Stored dataset items

* * * * * * *

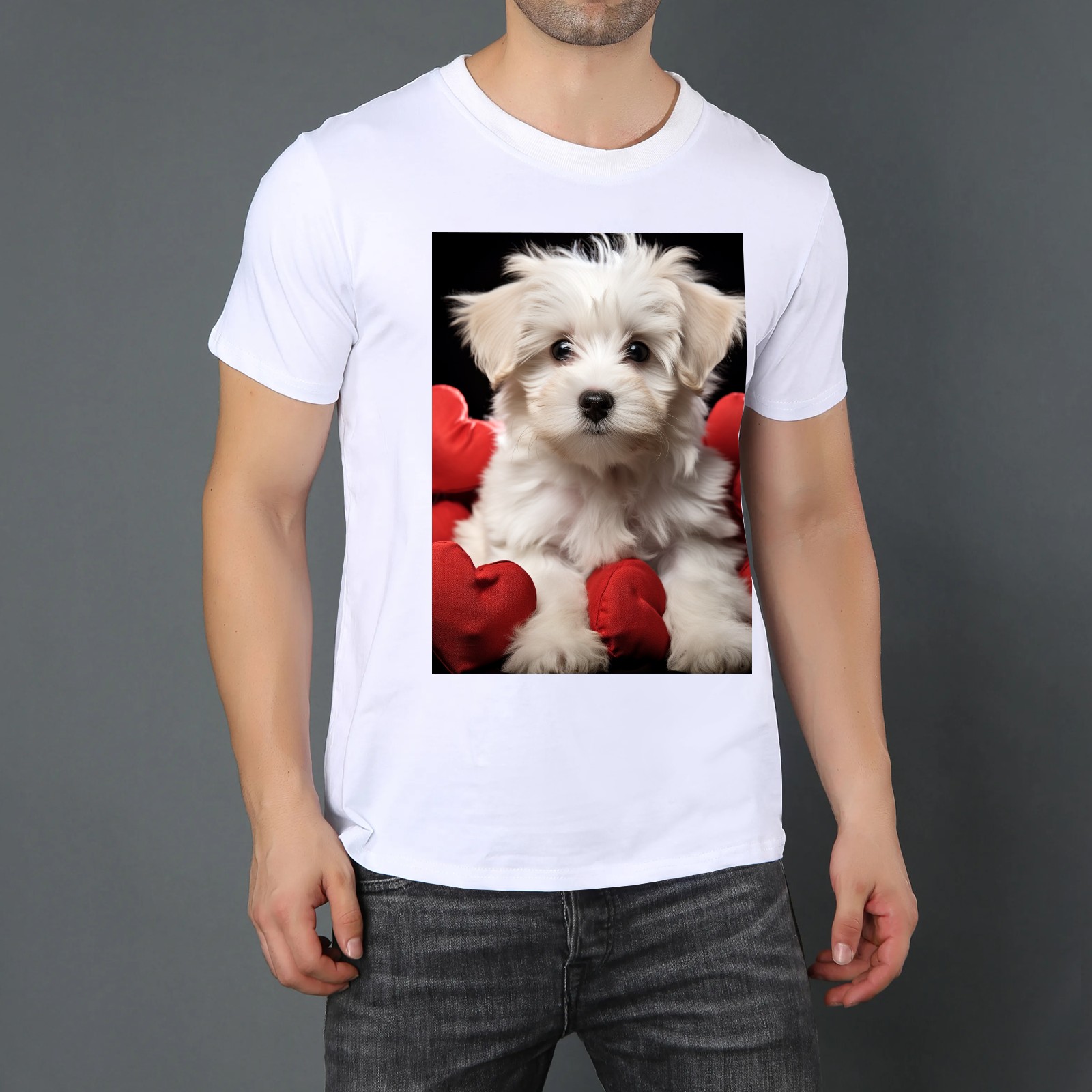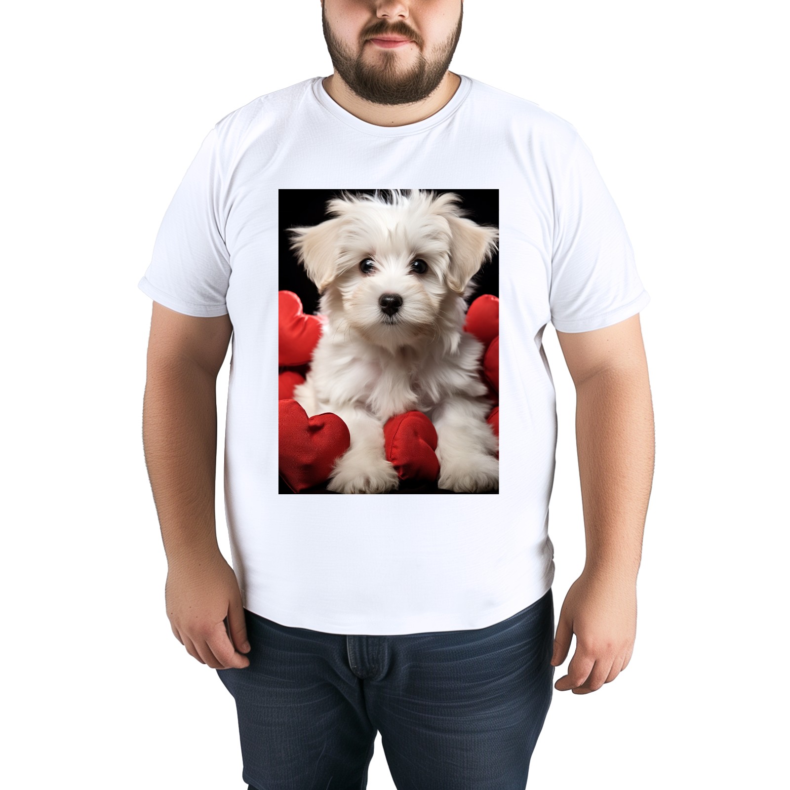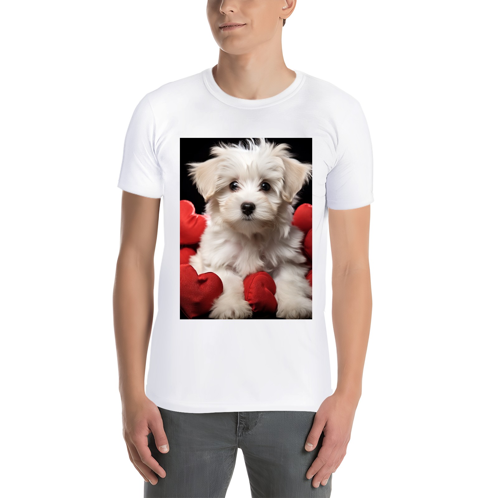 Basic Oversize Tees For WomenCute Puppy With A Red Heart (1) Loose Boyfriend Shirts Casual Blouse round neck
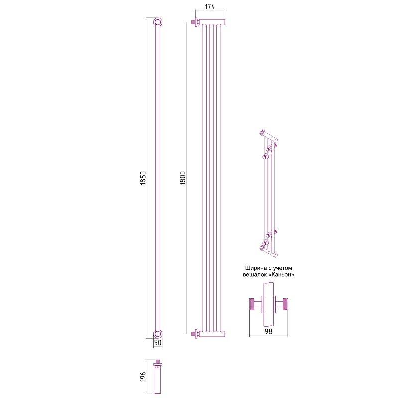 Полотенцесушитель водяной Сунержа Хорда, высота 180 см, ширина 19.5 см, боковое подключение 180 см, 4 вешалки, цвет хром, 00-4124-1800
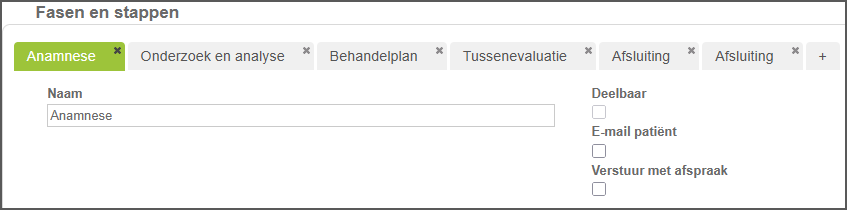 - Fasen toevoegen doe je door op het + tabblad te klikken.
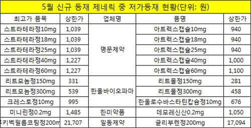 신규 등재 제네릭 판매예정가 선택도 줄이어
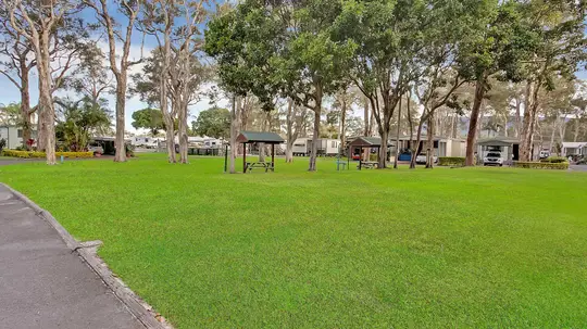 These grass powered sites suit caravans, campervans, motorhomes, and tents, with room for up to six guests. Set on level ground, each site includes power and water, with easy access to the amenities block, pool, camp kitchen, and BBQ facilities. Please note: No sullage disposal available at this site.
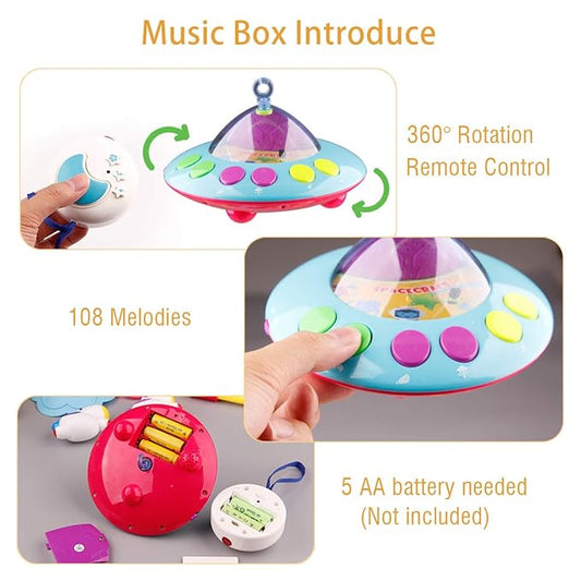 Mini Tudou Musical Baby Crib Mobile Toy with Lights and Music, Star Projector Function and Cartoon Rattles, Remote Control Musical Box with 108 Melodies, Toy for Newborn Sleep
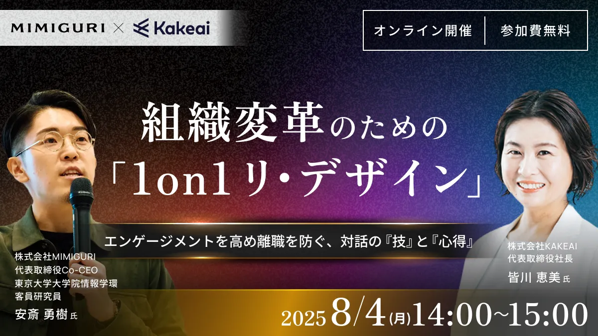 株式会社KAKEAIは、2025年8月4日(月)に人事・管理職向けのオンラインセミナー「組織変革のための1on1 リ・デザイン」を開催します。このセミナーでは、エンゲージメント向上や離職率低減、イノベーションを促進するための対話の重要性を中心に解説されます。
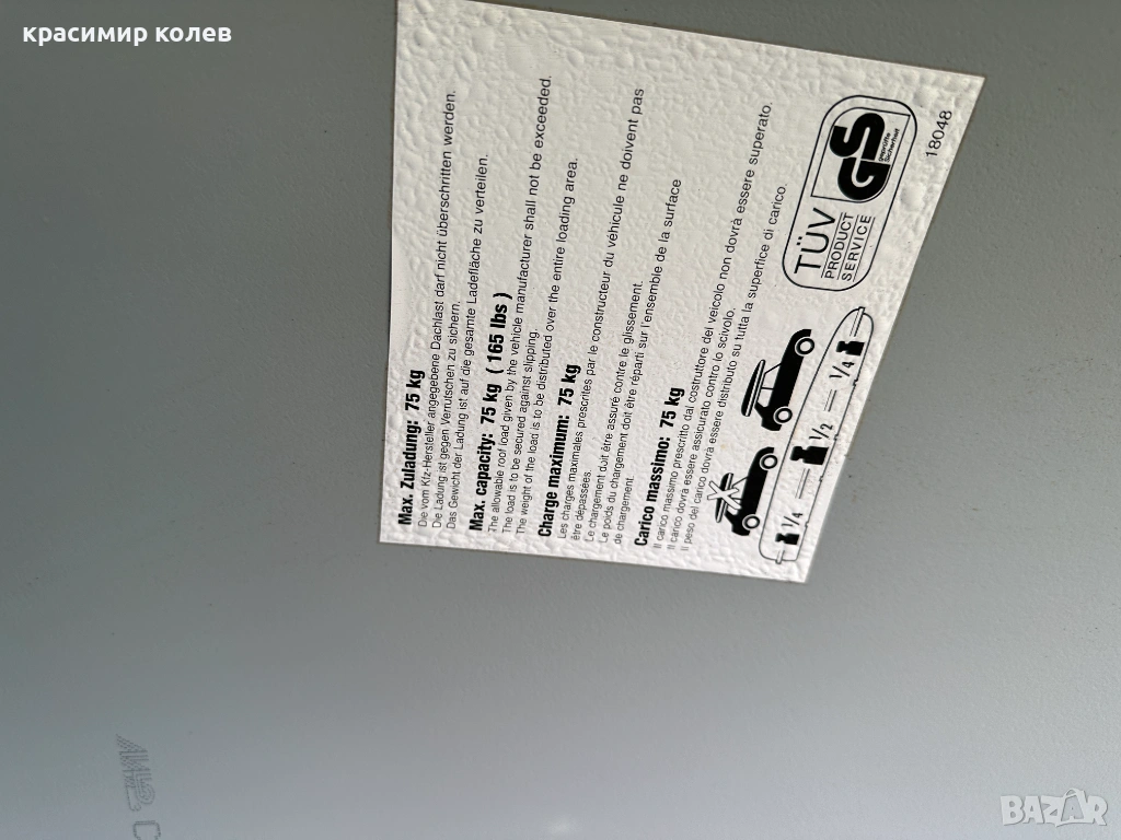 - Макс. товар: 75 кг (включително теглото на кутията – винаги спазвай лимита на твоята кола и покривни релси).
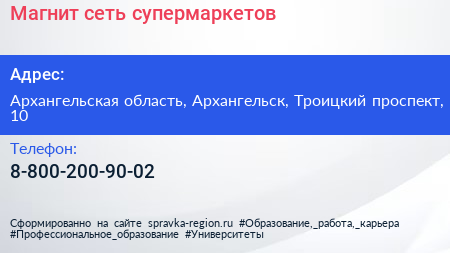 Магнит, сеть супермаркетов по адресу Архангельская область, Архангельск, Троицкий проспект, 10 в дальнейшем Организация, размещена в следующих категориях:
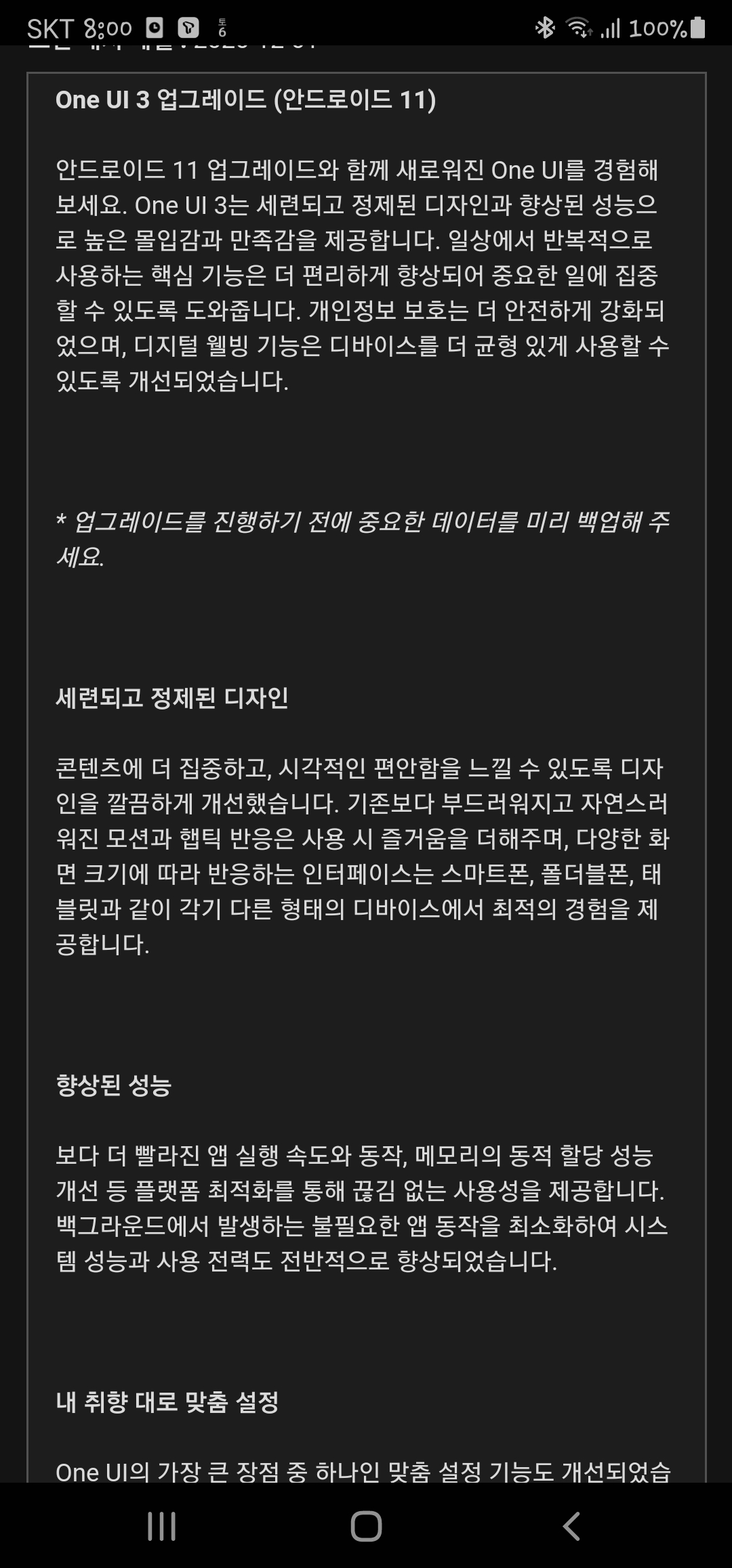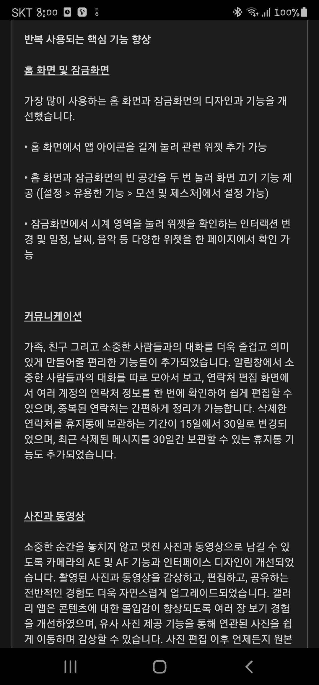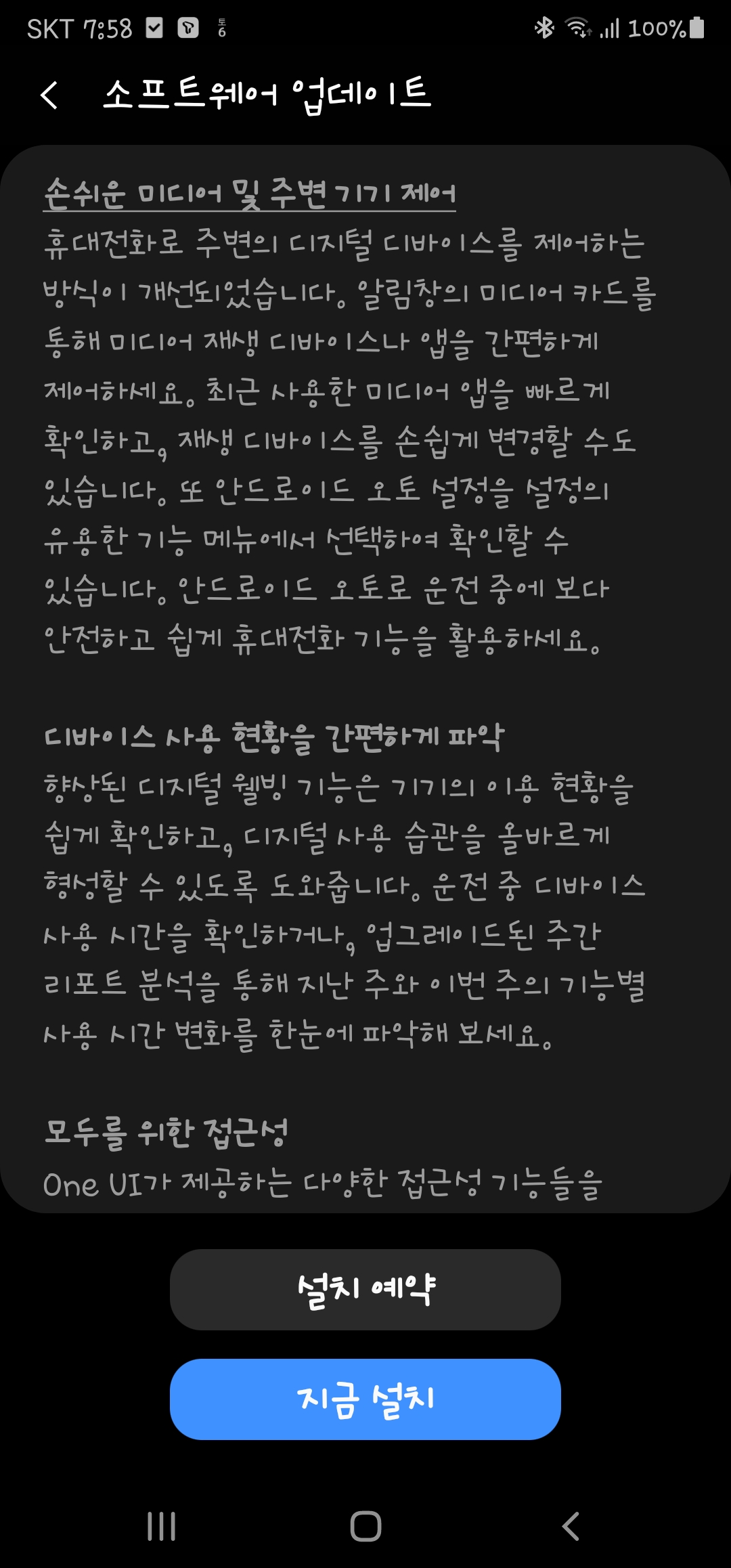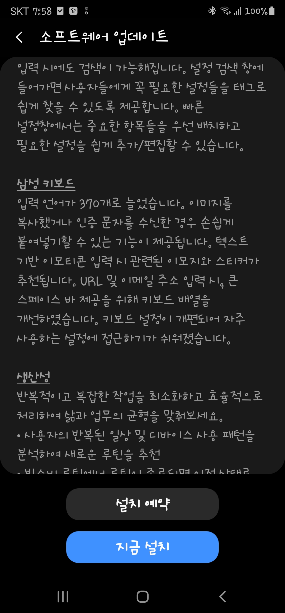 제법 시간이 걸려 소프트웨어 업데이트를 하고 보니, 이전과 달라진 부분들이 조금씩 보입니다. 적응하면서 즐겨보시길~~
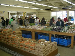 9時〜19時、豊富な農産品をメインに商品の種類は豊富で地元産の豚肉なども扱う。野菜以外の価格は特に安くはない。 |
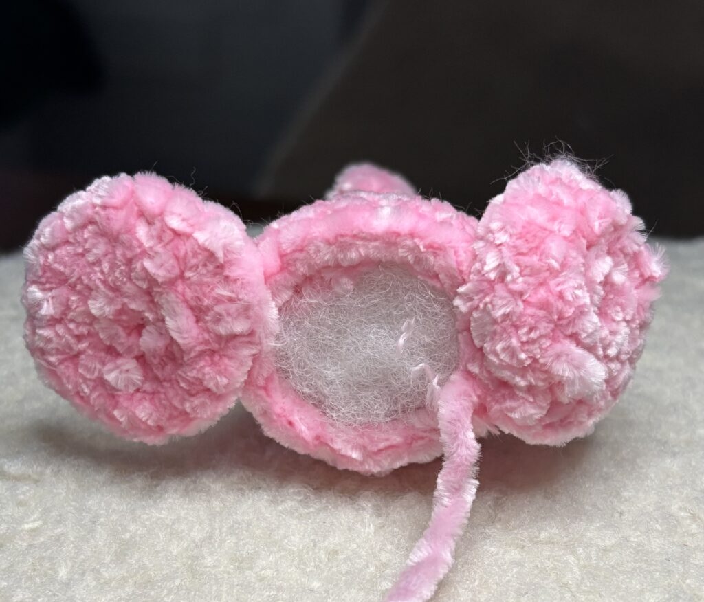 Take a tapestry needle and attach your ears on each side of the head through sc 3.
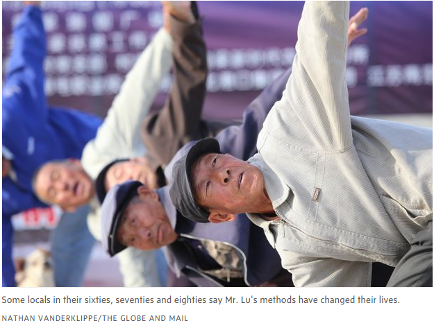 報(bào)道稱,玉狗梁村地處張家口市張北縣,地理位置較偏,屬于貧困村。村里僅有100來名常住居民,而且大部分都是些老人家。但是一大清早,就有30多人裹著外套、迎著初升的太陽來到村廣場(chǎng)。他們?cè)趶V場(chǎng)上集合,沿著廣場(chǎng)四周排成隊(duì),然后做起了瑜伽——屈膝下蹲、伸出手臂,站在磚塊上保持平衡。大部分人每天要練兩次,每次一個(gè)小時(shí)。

* * * * * * *

Please give back an exact copy of the entries above from their first line through the line containing "- Fasen toevoegen", leaving the pictures aside.

 Basic Oversize Tees For WomenCute Puppy With A Red Heart (1) Loose Boyfriend Shirts Casual Blouse round neck
 Полотенцесушитель водяной Сунержа Хорда, высота 180 см, ширина 19.5 см, боковое подключение 180 см, 4 вешалки, цвет хром, 00-4124-1800
 - Fasen toevoegen doe je door op het + tabblad te klikken.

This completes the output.